* _ABOUT THIS TASK_: Every line in the records below between the one holding "Köksredskapen från B.Toys" and the one holding "Bez potřebných dokladů", inclusive, is to be set down exactly; all other lines are to be left out.

* _Items from a data source_:
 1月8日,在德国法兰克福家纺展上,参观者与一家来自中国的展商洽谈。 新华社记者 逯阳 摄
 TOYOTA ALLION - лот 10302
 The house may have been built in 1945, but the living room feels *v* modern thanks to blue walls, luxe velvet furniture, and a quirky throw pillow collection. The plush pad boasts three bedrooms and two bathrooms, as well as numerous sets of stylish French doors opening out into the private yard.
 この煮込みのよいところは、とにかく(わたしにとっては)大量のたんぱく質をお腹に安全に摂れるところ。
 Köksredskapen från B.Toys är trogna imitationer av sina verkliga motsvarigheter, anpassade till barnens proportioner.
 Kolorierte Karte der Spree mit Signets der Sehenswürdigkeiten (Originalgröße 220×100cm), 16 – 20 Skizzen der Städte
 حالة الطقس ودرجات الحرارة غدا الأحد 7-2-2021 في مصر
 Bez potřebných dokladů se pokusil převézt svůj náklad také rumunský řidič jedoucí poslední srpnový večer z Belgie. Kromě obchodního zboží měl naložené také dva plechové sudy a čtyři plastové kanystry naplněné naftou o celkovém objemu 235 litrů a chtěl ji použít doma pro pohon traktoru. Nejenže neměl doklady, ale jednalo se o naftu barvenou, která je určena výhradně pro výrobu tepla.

--

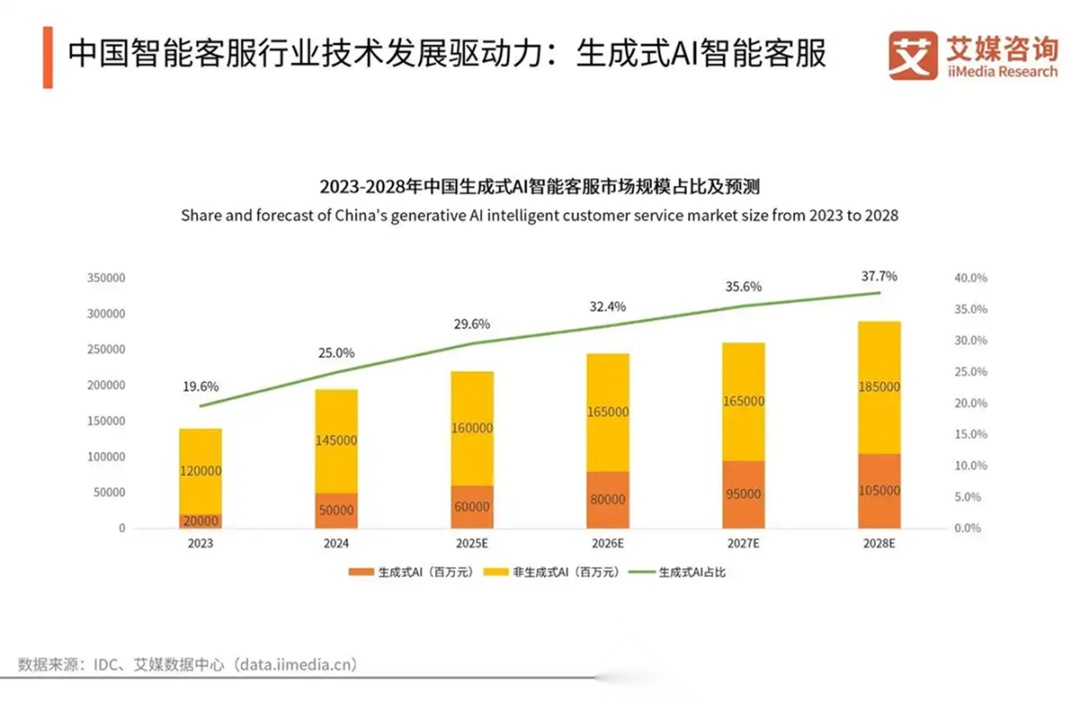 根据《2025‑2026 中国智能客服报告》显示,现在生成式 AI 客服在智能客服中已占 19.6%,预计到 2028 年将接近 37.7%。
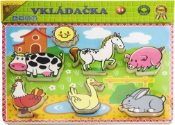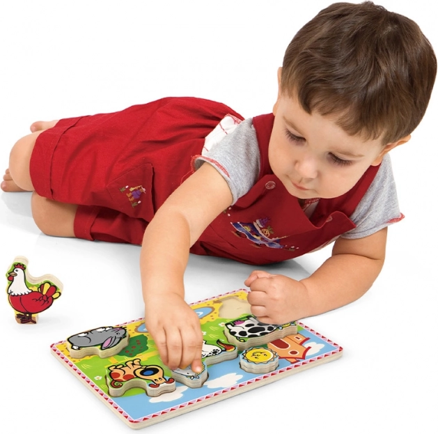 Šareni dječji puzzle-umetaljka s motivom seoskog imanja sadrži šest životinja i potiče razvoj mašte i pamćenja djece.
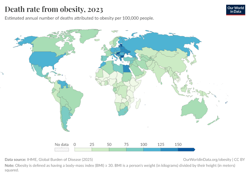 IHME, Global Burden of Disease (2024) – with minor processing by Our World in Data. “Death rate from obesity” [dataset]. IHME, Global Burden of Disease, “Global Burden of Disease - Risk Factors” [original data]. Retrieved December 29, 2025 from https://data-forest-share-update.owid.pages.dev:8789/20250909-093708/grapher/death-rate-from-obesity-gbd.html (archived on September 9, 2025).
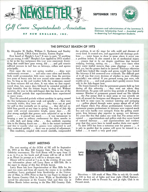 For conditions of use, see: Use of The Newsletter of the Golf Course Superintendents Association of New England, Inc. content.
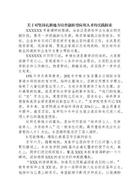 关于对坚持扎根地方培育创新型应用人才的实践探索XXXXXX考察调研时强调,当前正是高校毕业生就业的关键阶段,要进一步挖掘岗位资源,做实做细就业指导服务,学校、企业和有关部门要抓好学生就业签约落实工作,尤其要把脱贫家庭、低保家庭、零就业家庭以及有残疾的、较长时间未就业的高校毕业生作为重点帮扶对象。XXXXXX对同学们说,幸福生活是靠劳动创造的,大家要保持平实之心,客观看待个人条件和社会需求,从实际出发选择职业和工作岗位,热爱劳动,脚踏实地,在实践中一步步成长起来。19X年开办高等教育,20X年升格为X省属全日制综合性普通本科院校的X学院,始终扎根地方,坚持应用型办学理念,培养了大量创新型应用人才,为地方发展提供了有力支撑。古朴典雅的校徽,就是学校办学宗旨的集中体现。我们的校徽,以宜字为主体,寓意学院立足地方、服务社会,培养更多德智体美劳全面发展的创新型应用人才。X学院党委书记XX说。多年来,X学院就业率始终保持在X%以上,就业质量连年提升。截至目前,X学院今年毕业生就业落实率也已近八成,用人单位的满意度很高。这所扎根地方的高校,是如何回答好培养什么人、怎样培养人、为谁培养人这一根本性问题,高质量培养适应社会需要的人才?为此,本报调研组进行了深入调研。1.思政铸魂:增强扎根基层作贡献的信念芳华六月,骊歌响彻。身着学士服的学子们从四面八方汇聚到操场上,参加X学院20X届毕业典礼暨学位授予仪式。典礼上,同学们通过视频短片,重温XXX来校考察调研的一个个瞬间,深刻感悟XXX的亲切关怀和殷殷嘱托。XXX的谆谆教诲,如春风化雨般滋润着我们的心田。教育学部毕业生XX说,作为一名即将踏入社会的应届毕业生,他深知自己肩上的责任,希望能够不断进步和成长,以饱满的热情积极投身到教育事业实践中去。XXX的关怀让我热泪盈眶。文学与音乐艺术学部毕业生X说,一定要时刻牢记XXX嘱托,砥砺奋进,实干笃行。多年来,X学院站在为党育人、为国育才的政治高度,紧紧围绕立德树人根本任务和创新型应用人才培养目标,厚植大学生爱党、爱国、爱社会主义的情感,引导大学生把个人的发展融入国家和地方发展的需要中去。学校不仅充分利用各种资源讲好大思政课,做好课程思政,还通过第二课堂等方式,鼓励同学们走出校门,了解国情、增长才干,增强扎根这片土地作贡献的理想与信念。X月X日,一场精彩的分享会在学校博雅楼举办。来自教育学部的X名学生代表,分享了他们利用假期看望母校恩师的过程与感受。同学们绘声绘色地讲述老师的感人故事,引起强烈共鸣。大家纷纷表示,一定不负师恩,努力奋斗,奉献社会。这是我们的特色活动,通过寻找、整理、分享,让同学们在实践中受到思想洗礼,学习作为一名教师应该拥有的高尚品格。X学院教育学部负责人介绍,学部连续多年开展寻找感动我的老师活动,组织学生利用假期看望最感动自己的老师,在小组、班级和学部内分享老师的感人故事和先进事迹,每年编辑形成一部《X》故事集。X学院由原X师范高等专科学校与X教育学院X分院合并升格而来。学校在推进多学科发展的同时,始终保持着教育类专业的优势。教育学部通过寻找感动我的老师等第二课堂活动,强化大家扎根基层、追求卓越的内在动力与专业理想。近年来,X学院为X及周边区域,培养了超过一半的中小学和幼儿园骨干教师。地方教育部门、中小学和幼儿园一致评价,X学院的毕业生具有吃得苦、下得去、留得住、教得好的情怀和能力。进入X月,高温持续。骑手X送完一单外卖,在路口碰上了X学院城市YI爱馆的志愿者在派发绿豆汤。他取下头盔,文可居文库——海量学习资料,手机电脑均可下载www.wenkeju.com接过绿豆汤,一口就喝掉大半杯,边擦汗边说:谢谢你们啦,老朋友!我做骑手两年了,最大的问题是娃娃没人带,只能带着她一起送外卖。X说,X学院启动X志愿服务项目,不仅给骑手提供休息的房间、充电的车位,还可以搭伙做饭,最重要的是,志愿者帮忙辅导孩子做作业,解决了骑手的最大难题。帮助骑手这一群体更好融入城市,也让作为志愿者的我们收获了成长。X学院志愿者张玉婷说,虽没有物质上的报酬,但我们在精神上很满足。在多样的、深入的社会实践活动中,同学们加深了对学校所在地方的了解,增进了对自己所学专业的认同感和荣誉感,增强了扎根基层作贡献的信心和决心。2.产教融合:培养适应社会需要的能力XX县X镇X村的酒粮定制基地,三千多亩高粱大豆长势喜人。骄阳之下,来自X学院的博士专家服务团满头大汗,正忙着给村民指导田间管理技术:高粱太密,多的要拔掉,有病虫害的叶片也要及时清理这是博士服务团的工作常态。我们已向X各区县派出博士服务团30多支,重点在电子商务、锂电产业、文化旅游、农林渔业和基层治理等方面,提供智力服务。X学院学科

* _OUTPUT OF THE TASK_:
 Köksredskapen från B.Toys är trogna imitationer av sina verkliga motsvarigheter, anpassade till barnens proportioner.
 Kolorierte Karte der Spree mit Signets der Sehenswürdigkeiten (Originalgröße 220×100cm), 16 – 20 Skizzen der Städte
 حالة الطقس ودرجات الحرارة غدا الأحد 7-2-2021 في مصر
 Bez potřebných dokladů se pokusil převézt svůj náklad také rumunský řidič jedoucí poslední srpnový večer z Belgie. Kromě obchodního zboží měl naložené také dva plechové sudy a čtyři plastové kanystry naplněné naftou o celkovém objemu 235 litrů a chtěl ji použít doma pro pohon traktoru. Nejenže neměl doklady, ale jednalo se o naftu barvenou, která je určena výhradně pro výrobu tepla.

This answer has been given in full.